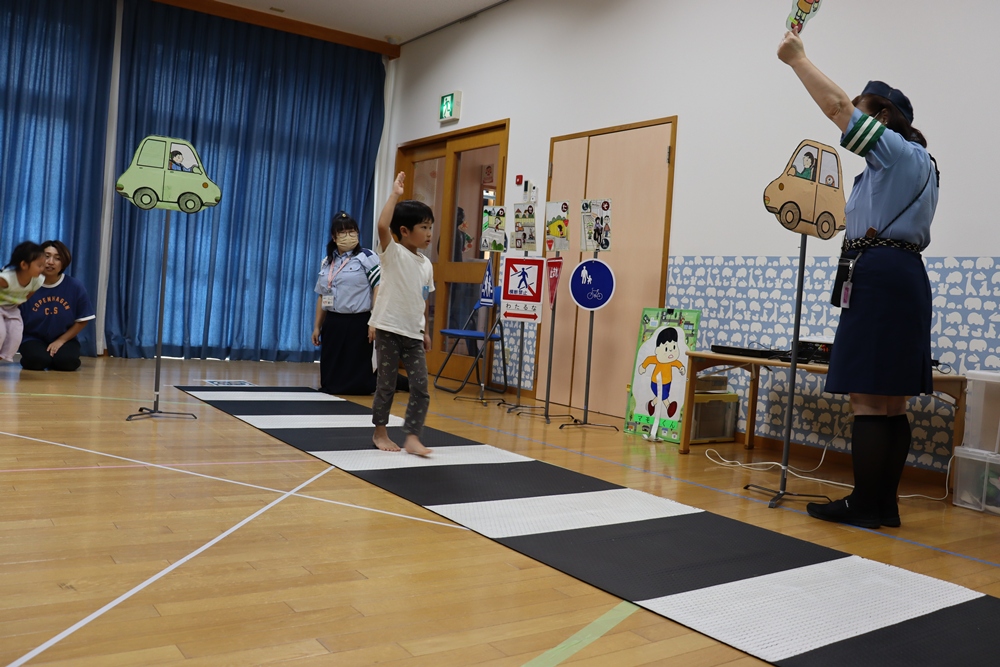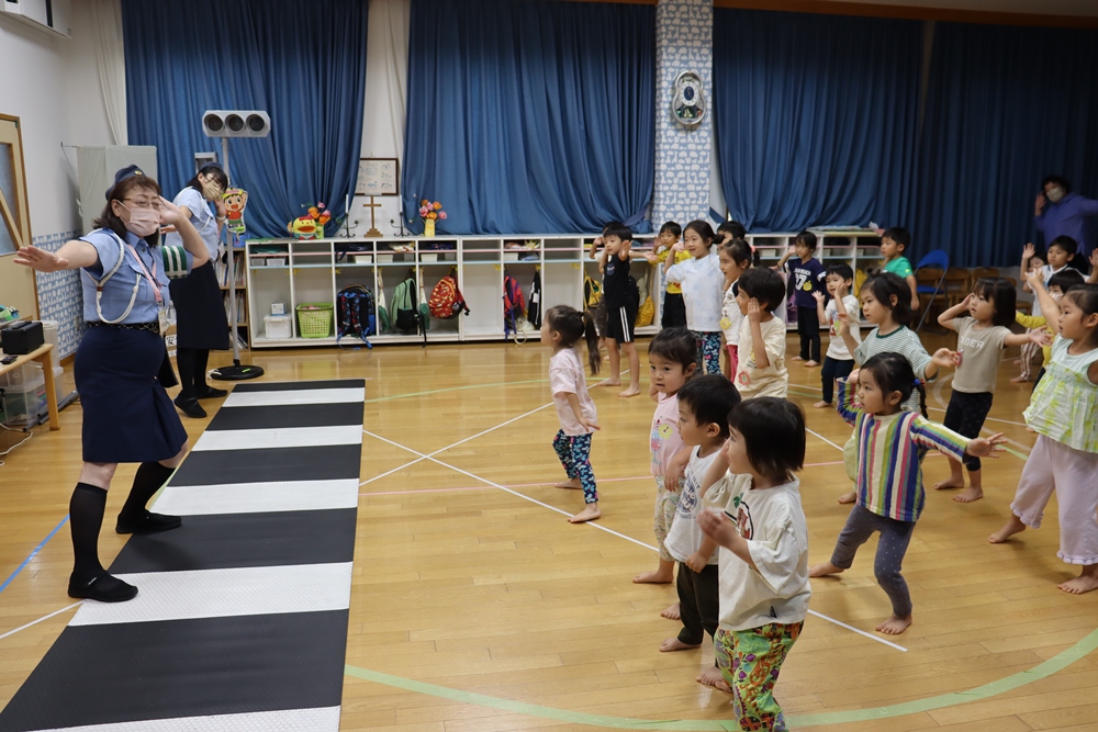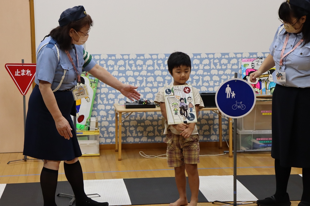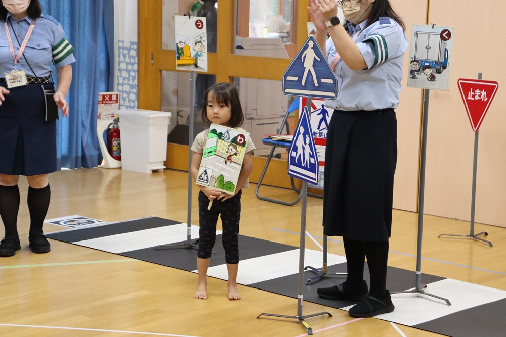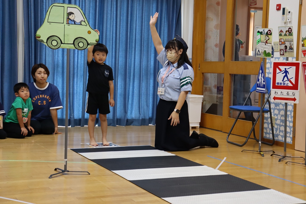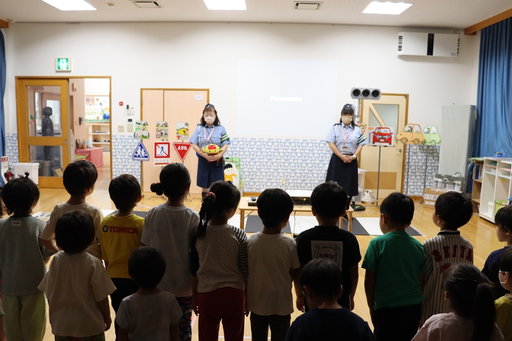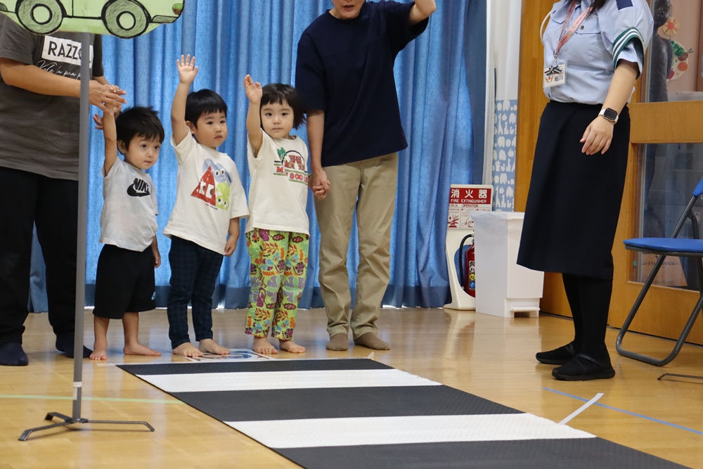 交通指導員の方が幼稚園に来て、交通ルールを教えてくれました🤗
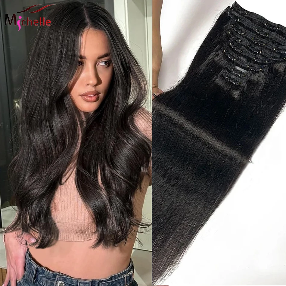 Clip ins Hair Extensions Straight Human Hair 100% Unprocessed Full Head Brazilian Virgin Human Hair Natural Color Clip ins Hair
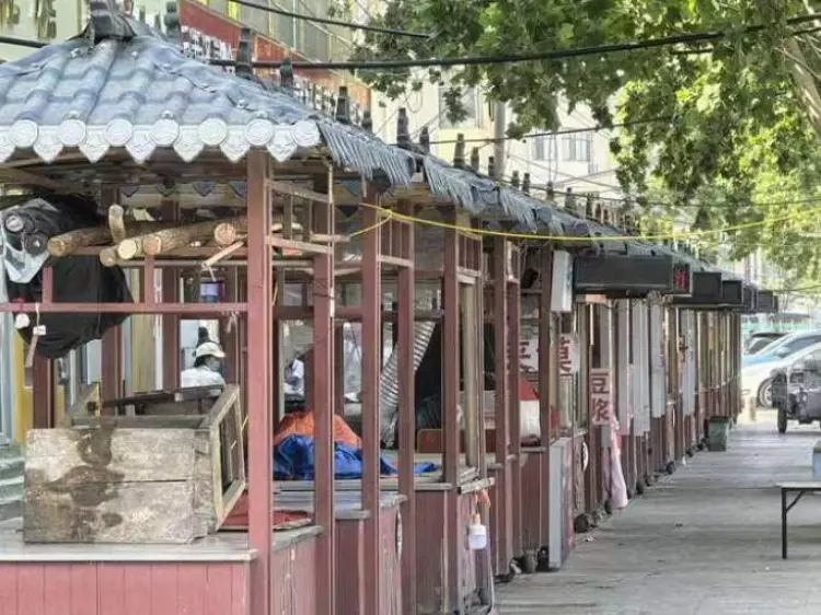 菏泽南站附近摊位,小贩大多已经离开。
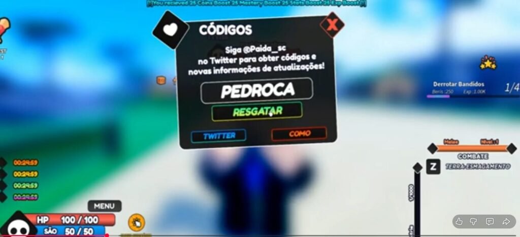 - Códigos (Boosts) são Ouro: Use todos os códigos ativos para conseguir multiplicadores de XP, Beli e Maestria. Isso acelera o jogo drasticamente.

____________________

Your objective = Reproduce only the lines from the first line of the listing above up to and including the line that holds "菏泽南站附近摊位,小贩大多已经离开。". Omit the pictures.

Result for this exercise =
 交通指導員の方が幼稚園に来て、交通ルールを教えてくれました🤗
 Clip ins Hair Extensions Straight Human Hair 100% Unprocessed Full Head Brazilian Virgin Human Hair Natural Color Clip ins Hair
 菏泽南站附近摊位,小贩大多已经离开。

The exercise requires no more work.